**EXTRACTED INFORMATION:**
####################

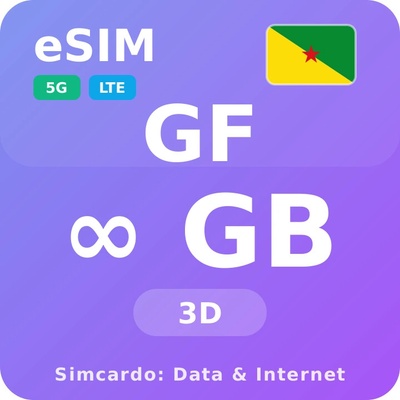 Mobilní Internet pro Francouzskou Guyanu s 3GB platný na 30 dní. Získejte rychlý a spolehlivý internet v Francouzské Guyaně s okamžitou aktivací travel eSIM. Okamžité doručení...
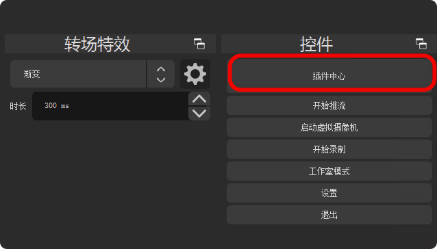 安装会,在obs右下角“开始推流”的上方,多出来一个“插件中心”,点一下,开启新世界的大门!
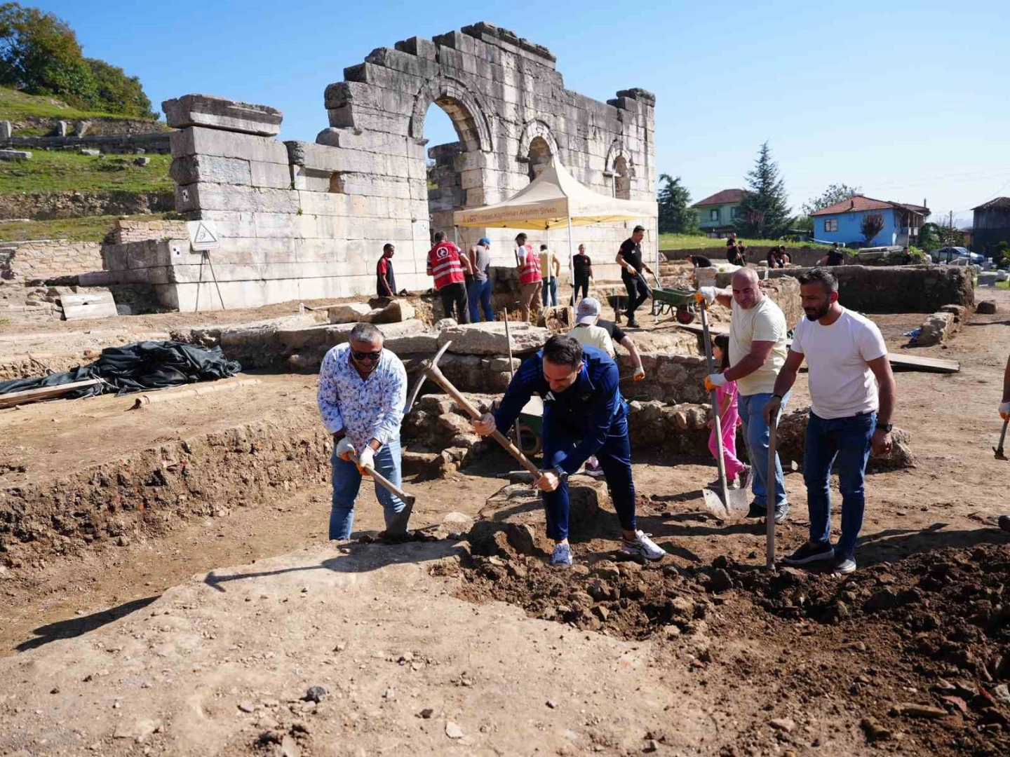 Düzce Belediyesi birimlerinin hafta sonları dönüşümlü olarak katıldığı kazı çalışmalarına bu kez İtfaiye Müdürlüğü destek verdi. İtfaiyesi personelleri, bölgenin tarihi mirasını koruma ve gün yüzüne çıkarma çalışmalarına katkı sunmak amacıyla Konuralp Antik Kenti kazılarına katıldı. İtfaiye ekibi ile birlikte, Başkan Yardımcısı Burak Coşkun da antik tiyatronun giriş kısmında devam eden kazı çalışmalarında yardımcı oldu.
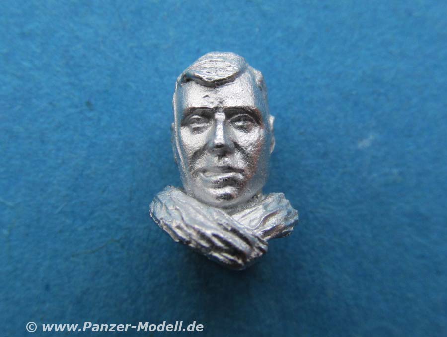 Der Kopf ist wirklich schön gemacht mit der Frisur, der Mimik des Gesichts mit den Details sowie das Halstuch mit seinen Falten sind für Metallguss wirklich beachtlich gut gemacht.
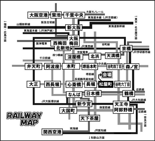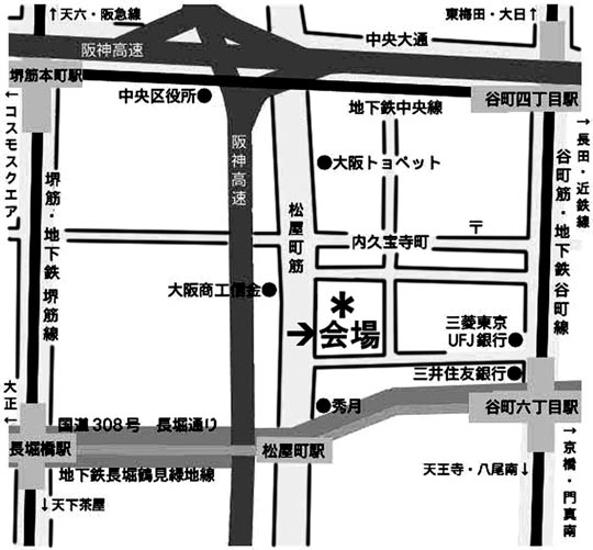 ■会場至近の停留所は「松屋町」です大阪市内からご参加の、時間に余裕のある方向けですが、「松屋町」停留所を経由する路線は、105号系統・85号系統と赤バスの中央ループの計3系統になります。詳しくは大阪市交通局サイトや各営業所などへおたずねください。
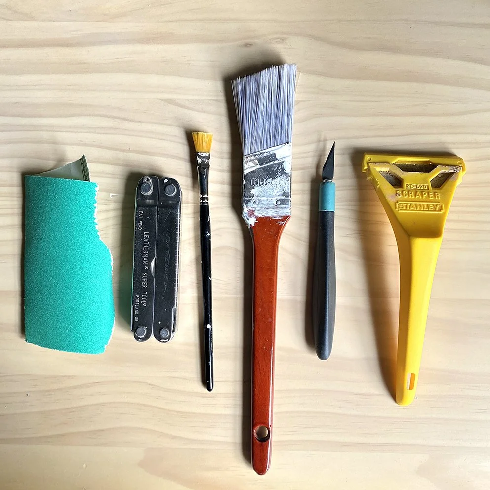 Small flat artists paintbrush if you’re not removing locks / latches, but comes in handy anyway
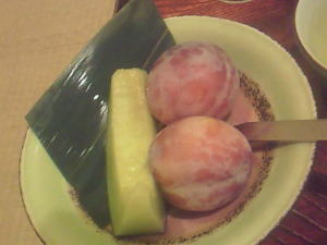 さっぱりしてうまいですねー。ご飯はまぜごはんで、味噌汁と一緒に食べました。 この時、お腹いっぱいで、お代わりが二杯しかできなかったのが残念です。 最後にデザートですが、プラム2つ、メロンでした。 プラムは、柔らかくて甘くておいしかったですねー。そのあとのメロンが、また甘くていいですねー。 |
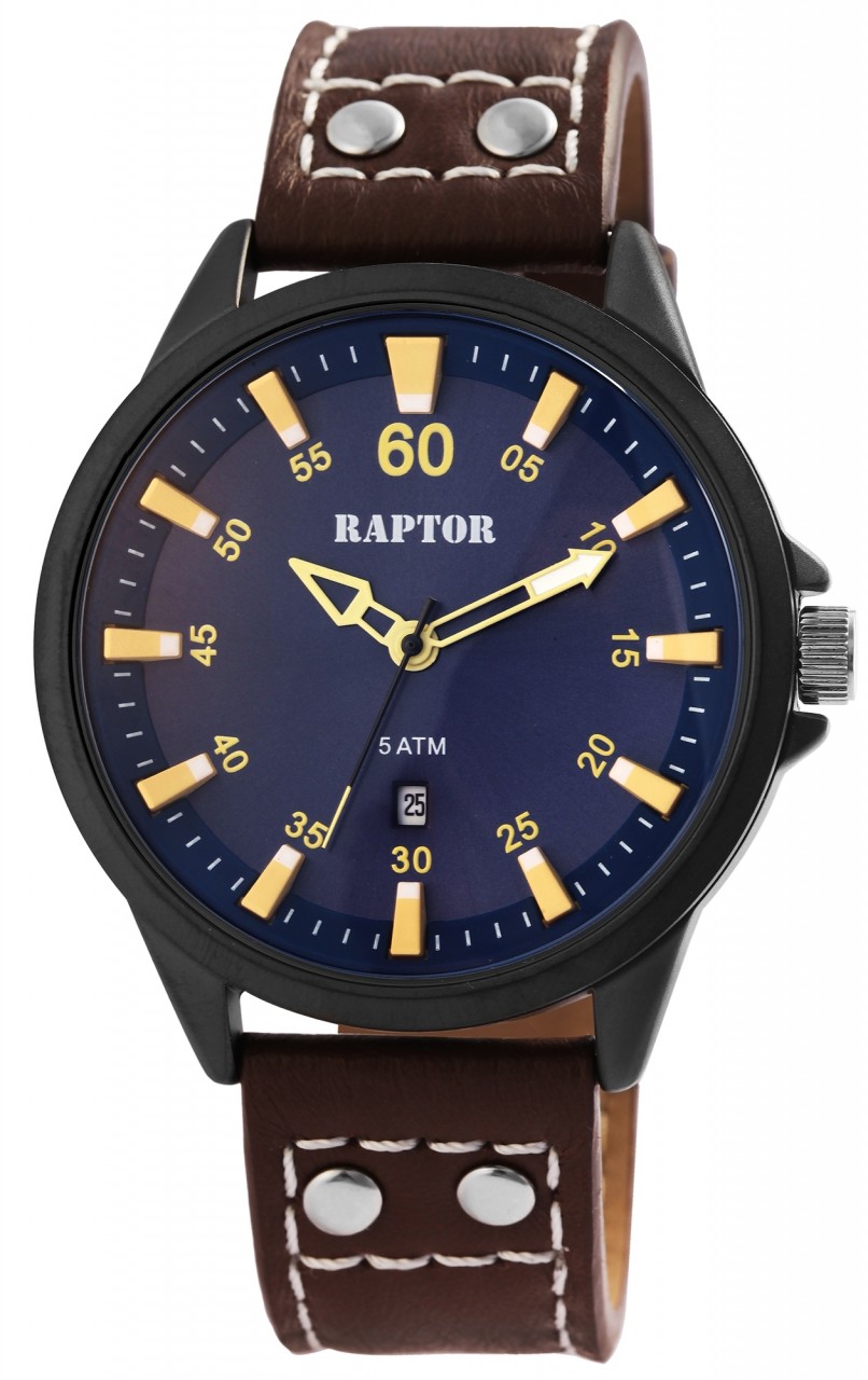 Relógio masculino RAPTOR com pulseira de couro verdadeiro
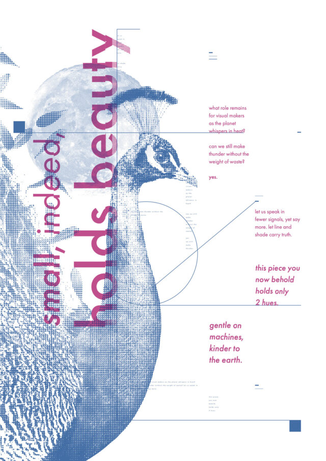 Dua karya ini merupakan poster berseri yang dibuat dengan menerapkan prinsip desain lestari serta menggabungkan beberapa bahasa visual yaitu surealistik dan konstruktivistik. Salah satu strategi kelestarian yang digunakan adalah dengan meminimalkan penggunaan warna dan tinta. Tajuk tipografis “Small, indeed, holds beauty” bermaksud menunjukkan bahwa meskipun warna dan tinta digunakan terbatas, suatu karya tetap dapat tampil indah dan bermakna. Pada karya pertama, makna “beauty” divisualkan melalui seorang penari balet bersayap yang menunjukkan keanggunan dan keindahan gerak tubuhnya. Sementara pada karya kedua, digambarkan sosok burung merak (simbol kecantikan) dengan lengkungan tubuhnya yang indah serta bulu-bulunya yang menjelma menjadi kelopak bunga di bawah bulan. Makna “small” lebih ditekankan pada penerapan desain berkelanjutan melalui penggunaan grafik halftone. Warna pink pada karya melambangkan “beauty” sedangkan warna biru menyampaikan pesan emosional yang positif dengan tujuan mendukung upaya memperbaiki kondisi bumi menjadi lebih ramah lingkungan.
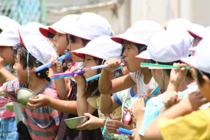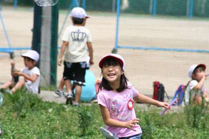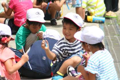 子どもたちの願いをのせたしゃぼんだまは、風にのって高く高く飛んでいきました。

####################

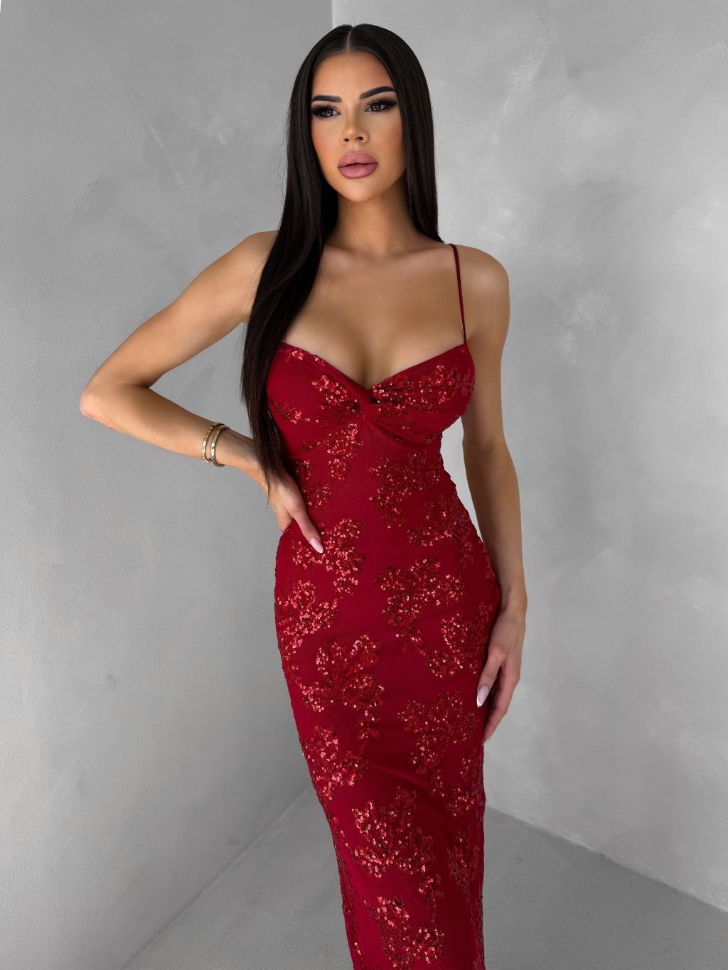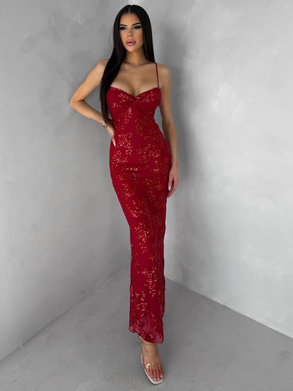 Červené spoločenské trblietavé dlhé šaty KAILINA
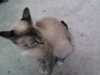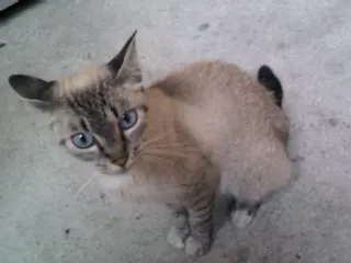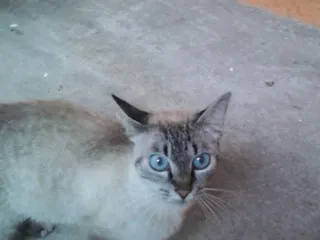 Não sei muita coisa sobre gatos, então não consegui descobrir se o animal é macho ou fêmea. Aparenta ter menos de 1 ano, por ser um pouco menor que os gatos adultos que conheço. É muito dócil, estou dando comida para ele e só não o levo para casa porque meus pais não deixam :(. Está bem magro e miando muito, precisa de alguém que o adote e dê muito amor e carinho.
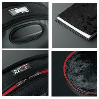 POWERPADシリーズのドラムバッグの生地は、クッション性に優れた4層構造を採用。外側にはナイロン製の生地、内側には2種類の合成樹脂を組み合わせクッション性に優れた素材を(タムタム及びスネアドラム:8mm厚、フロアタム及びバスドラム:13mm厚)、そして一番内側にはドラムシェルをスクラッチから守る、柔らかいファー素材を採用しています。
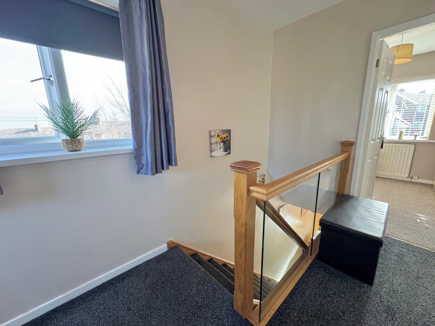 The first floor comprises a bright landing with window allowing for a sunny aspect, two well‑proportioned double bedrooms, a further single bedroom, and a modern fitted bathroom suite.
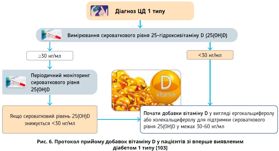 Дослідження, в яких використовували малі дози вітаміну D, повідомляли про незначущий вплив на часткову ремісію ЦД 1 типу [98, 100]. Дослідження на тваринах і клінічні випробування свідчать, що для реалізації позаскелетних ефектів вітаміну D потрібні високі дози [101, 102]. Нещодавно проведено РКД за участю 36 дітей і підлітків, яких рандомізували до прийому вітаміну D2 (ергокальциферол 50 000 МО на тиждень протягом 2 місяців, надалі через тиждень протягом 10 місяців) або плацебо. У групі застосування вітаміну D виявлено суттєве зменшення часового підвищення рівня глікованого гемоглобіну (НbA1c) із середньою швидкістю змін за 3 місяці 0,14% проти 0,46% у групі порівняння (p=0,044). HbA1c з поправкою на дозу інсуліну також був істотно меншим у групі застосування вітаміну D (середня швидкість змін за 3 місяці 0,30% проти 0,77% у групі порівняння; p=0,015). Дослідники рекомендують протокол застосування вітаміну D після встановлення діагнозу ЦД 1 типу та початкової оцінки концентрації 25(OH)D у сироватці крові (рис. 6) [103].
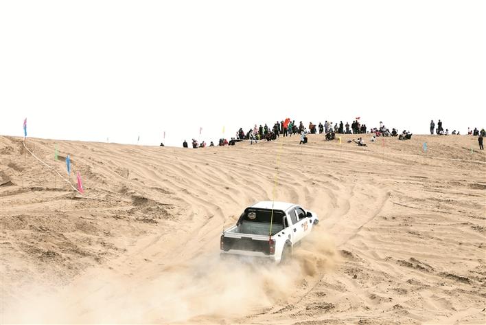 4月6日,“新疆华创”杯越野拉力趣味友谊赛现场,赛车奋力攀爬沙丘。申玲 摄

####################

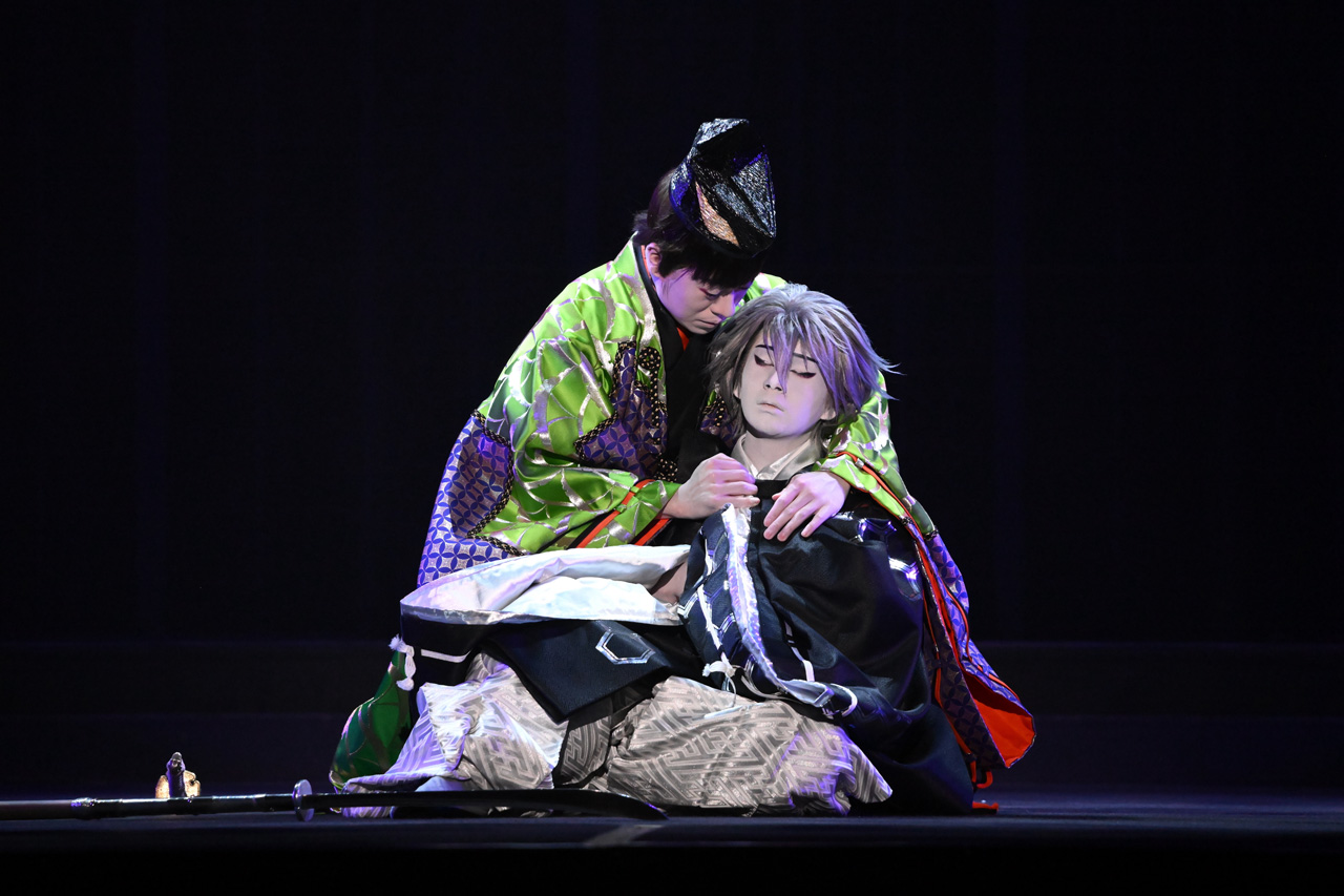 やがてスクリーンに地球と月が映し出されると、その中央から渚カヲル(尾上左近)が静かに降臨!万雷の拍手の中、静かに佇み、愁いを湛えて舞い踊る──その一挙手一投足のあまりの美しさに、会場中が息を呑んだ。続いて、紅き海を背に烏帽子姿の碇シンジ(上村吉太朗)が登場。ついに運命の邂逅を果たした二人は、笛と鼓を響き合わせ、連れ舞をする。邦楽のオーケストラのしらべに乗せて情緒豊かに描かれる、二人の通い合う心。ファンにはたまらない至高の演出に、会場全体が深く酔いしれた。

####################

Nothing but the lines from the one with "Relógio masculino RAPTOR" to the one with "子どもたちの願いをのせたしゃぼんだまは、風にのって高く高く飛んでいきました。" above, both included, should be transcribed, exactly and without pictures.

**RESULT:**
 Relógio masculino RAPTOR com pulseira de couro verdadeiro
 Dua karya ini merupakan poster berseri yang dibuat dengan menerapkan prinsip desain lestari serta menggabungkan beberapa bahasa visual yaitu surealistik dan konstruktivistik. Salah satu strategi kelestarian yang digunakan adalah dengan meminimalkan penggunaan warna dan tinta. Tajuk tipografis “Small, indeed, holds beauty” bermaksud menunjukkan bahwa meskipun warna dan tinta digunakan terbatas, suatu karya tetap dapat tampil indah dan bermakna. Pada karya pertama, makna “beauty” divisualkan melalui seorang penari balet bersayap yang menunjukkan keanggunan dan keindahan gerak tubuhnya. Sementara pada karya kedua, digambarkan sosok burung merak (simbol kecantikan) dengan lengkungan tubuhnya yang indah serta bulu-bulunya yang menjelma menjadi kelopak bunga di bawah bulan. Makna “small” lebih ditekankan pada penerapan desain berkelanjutan melalui penggunaan grafik halftone. Warna pink pada karya melambangkan “beauty” sedangkan warna biru menyampaikan pesan emosional yang positif dengan tujuan mendukung upaya memperbaiki kondisi bumi menjadi lebih ramah lingkungan.
 子どもたちの願いをのせたしゃぼんだまは、風にのって高く高く飛んでいきました。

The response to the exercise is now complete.